2008-12-28: Lintian 2.1.3

Over the last couple of days, I've found some time to work on Lintian for the first time in quite a while. It's been a good feeling both for getting back to a project that I've done very little on for several months and finally feeling energized about a coding project. I think after a week of vacation, I'm starting to recover my energy.

I uploaded Lintian 2.1.3 earlier today and am currently doing a fresh archive-wide run for lintian.debian.org. This version has several new checks for watch files from Raphael Geissert, several fixes for the lintian.d.o output, a few other random bug fixes, and an attempt to tackle unversioned shared libraries in a more comprehensive fashion.

Shared libraries with an SONAME that doesn't contain a version number can't be represented in the shlibs system (but can in the symbols system), so Lintian always reports them as missing from shlibs when they're installed in public directories. That's not really the right tag, since they don't belong in shlibs. The more basic problem is that, except for a few special cases mostly coming from libc, they really don't belong in public directories. With no versioning in the SONAME, we can't handle changes to the ABI without completely changing the library name and can't use the shlibs system to manage them.

Most of the libraries in this situation are actually private libraries for one particular application. As Policy already says, those libraries shouidn't be installed in public directories like /usr/lib; they should be installed in private subdirectories of /usr/lib for that application. The biggest group of offenders here currently seems to be KDE; for some reason, unless I'm missing something, this seems to be a semi-standard KDE way of doing things.
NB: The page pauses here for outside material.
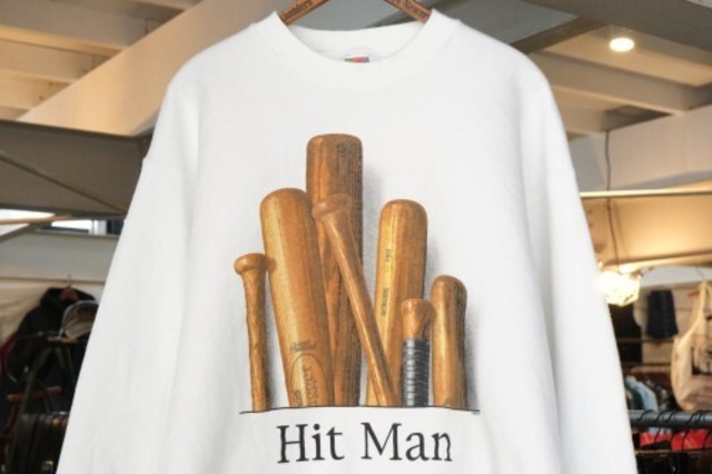 1851年にケンタッキー州ボーリンググリーンで創業された老舗カジュアルウェア・ブランド"FRUIT OF THE LOOM"から2000年代頃のスウェット。程よい厚さでしなやかなコットン×ポリエステル(90/10)混紡素材を使用し、爽やかなホワイトの色味と裏起毛による柔らかな肌触りが魅力のアイテムです。ざっくりとした着用に適したオフショルダーのボリュームあるシルエット、フロントに大きく入る木目や擦れた質感まで描き込まれたバットの写実的なグラフィックに"Hit Man"という強い言葉を重ねたスポーツ的な意味合いと過激さをあえて曖昧にしたプリントが目を惹く仕上がりとなっています。全体的に着用した様子のあまり感じられないたいへん良いコンディションですが、あくまでUSED品ですのでご理解の上ご検討ください。幅広いボトムスに合わせることのできる使い勝手の良さ、または落ち着きある綺麗めのアイテムと合わせた遊び心ある大人の外しとしても楽しんでいただける1本です。 □size: 表記XL (M-XL位) 肩幅 60cm/ 身幅 60cm/ 着丈 67cm/ 袖丈 63cm □comment: Model (171cm/ 58kg) 「全体的に大きめですがオーバーサイズの着用として可能なサイズ感でした」 □material: 90% cotton/ 10% polyester □color: ホワイト □condition: ☆☆☆☆☆(あくまでUSED品です) □label: FRUIT OF THE LOOM □Made in Mexico ――――――――――――――――――――― 実店舗との同時販売を行っておりますのでタイムラグによる売り切れの場合はご注文を頂いた商品をご用意できない場合もございます。予めご了承下さいますようお願いいたします。また、ご覧頂いているモニターにより実際の色と出方が異なる場合がございます。 下記リンクから『CUSTOMER GUIDELINES』を必ずお読みになってからご注文下さい。 https://www.garyovintage.com/customerguide.html

This version of Lintian will hopefully handle this better. Such libraries won't be expected to be in shlibs files and won't get erroneous tags about not being listed there. We'll also do a better job of distinguishing between versioned shared libraries and shared library names that just contain a hyphen. Such unversioned libraries will get a separate tag pointing at the portion of Policy that says to put private libraries and plugins in a subdirectory instead of /usr/lib.

Thanks as always to Frank Lichtenheld, Adam D. Barratt, and Jordà Polo for all the hard work they've been putting into Lintian. It's gotten much better over the few months that I've not been able to work on it, which is making me more excited to get back to it and do more.

2008-12-28: Productivity

Melting black

I lack inspiration and energy at this late point in the day to pick out the perfect picture, but I can look at sandstone pictures for weeks. So here, have another one.

Lintian has grabbed my brain, which is a lovely feeling after having spent the first half of my vacation wondering when I was going to feel like doing anything other than reading and poking around on the web. I dug into another complex problem today, this time around registration of MIME types in *.desktop files, and spend about three hours getting to the bottom of it. I'm now working on improvements to the test suite and then will write up some of my experiences with the new test suite layout (which I quite like).

I didn't manage to write another review today, but I got a lot of positive feedback for my Half a Crown review, which is always rewarding.

Now, off to read more Orwell.

2008-12-29: More Lintian work

Like my hair?

I think this rock should be a mascot of something.

Ideally, I'd be varying the photographs up each day, showing a variety of subjects, so that you all (whoever you are) don't get bored with rocks. But then I spend the day working on other things and don't have the remaining cycles to think about it. And like I said, I can post pictures of sandstone forever.

I spent the day poking at Lintian some more, improving test suite code and working on incorporating more bug fixes. Each one takes a couple of hours since I'm adding test suite code and trying to do each one properly. It's quite a lot of fun, though.

Now, I'm going to see if I can finish uploads of new krb5 and kerberos-configs packages before I go to bed and request unblocks in the morning, to sneak a few final things into lenny.